Borel's theorem states that given a sequence of real numbers $(a_n)_{n\in \mathbb N}$ there exists a $C^\infty$ function $f\in C^\infty(\mathbb R)$ such that $\frac {f^{(n)}(0)}{n!}=a_n $ , i.e. the Taylor series associated to $f$ is $\Sigma a_nX^n$.
The function $f$ is never unique: you can always add to it a flat function, one all of whose derivatives at zero are zero, like the well-known Cauchy function $e^{-1/x^2}$ .

There is a huge caveat however: you can't go from the series to the function $f$ .
Firstly, the series might not be convergent at any $x\neq 0\in \mathbb R $ ! An example is $\Sigma a_n X^n=\Sigma n^n X^n$ whose radius of convergence is zero.
Secondly, even if it does converge it might converge to the wrong function! For example if you start with Cauchy's function you get the zero Taylor series. It converges to zero, of course, but that is definitely not the Cauchy function you started with. So we should not read too much in Borel's theorem: it cannot force a non-analytic function to become analytic!

Borel's theorem is also valid in several variables. Given a sequence of $k$-tuples $(a_I)_{I\in \mathbb N^k}$ of real numbers $a_I \in\mathbb R$, there exists a function $f\in C^\infty(\mathbb R^k)$, again highly non-unique, whose derivatives satisfy $\frac {\partial^I f(0)}{I!}=a_I $. [I have used multiindex notation with $I=(i_1,\ldots,i_k)$, $I!=i_1!\ldots i_k! \;etc.$]

There is a vast generalization due to Whitney of Borel's theorem.

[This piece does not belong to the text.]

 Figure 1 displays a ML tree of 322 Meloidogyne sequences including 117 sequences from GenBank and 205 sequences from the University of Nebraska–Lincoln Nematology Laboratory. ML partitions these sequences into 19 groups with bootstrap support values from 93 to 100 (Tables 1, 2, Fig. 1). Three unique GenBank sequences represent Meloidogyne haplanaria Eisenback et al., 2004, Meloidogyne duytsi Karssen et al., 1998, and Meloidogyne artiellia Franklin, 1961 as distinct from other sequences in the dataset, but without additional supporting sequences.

You can consider a closed subset $Z\subset \mathbb R^k$ and continuous functions $\phi_I\in C(Z) \; $ . Whitney gives necessary and sufficient growth and compatibility conditions on the $\phi_I $ 's which will guarantee that there exists a $C^\infty$ function $f\in C^\infty (U)$ defined on an open neighbourhood $U \supset Z$ of $Z$ such that $\frac {\partial^I f(0)}{I!}=\phi_I \; $. Borel' s theorem is then the case $Z=\{0\}$ .

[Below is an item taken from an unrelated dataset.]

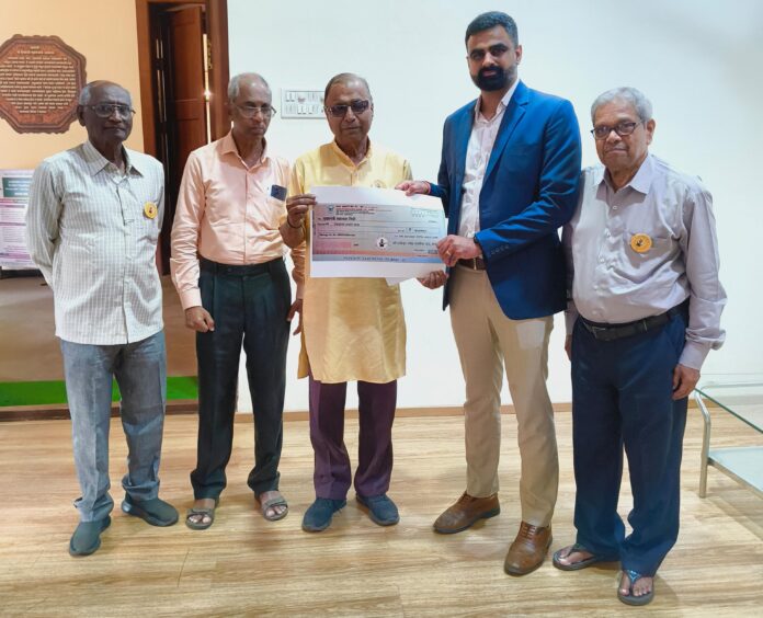 या प्रसंगी अध्यक्ष श्री हरीश भाई पाठक, उपाध्यक्ष श्री रमेश जोशी, सचिव श्री रत्नाकर मानकर, खजिनदार श्री गोपाळ निजसुरे हजर होते.जिल्हाधिकाऱ्यांकडे चेक सुपूर्त करण्यासाठी सौ कल्याणी टोकेकर यांचे विशेष सहकार्य लाभले.

Bibliography: Borel's theorem in several variables is proved in R.Narasimhan's book Analysis on Real and complex Manifolds, which also contains the precise statement of Whitney's theorem.

Through this question, I was made aware of

Ádám Besenyei. Peano's unnoticed proof of Borel's theorem, Amer. Math. Monthly 121 (2014), no. 1, 69–72.

In this short note, Besenyei presents a proof due to Peano of the theorem usually attributed to Borel. Peano's result first appeared in

Angelo Genocchi , Giuseppe Peano. Calculo differenziale e principii di calcolo integrale, Fratelli Bocca, Roma, 1884.

Note that Borel's result first appeared in his dissertation, published as

Émile Borel. Sur quelques points de la théorie des fonctions, Ann. Sci. l’École Norm. Sup. (3) 12 (1895), 9–55. MR1508908.

Peano's proof is short, and completely different from Borel's. Besenyei provides full details. I present a sketch:

Given a sequence $(c_n)_{n\ge0}$ of real numbers, we want a $C^\infty$ function $f$ such that $f^{(n)}(0)=c_n$ for all $n$. Peano considers $$ f(x)=\sum_{k\ge0}\frac{a_k x^k}{1+b_kx^2}, $$ for $(a_n)_{n\ge0}$ arbitrary, and $(b_n)_{n\ge0}$ a sequence of positive numbers, chosen so that $f$ is indeed $C^\infty$ and can be differentiated term by term. Assuming that this is possible, one easily checks that $f^{(n)}(0)=a_n$ for $n=0,1$, and that if $n\ge2$, then $$ \frac{f^{(n)}(0)}{n!}=a_n+\sum_{j=1}^{\lfloor n/2\rfloor}(-1)^ja_{n-2j}{b_{n-2j}}^{j}. $$ To see the latter, consider the power series expansion of $\displaystyle \frac{a_k x^k}{1+b_kx^2}$, valid for $|b_kx^2|<1$, and note that it implies that its $n$-th derivative at $0$ is either $0$ (if $n-k$ is odd), or $$ n!(-1)^ja_{n-2j}{b_{n-2j}}^{j}, $$ if $n-k=2j$ for some $j$. The point is that this recurrence allows us to define the $a_n$ (uniquely) in terms of the $b_n$ and the $c_n$, so that $f^{(n)}(0)=c_n$ for all $n$.

In order for the above to hold, one needs to ensure that $f$ so defined can indeed be differentiated term by term. For this, Besenyei checks that if $k\ge n+2$, then $(*)$ $$\left|\left(\frac{a_kx^k}{1+b_kx^2}\right)^{(n)}\right|\le(n+1)!\frac{|a_k|k!}{b_k}|x|^{k-n-2}$$ so, if $b_k$ grows sufficiently fast with respect to $a_k$, then $$ \sum_{k\ge n+2}\left|\left(\frac{a_kx^k}{1+b_kx^2}\right)^{(n)}\right| $$ is uniformly convergent on any finite interval, and the Weierstrass M-test allows us to differentiate termwise.

Finally, Besenyei proves $(*)$ in a straightforward fashion with estimates coming from Leibniz rule, after rewriting $$\frac{a_k x^k}{1+b_kx^2}=\frac{a_k}{b_k}\cdot\frac{x^{k-1}}2\left(\frac1{x+\frac1{\sqrt{b_k}}i}+\frac1{x-\frac1{\sqrt{b_k}}i}\right). $$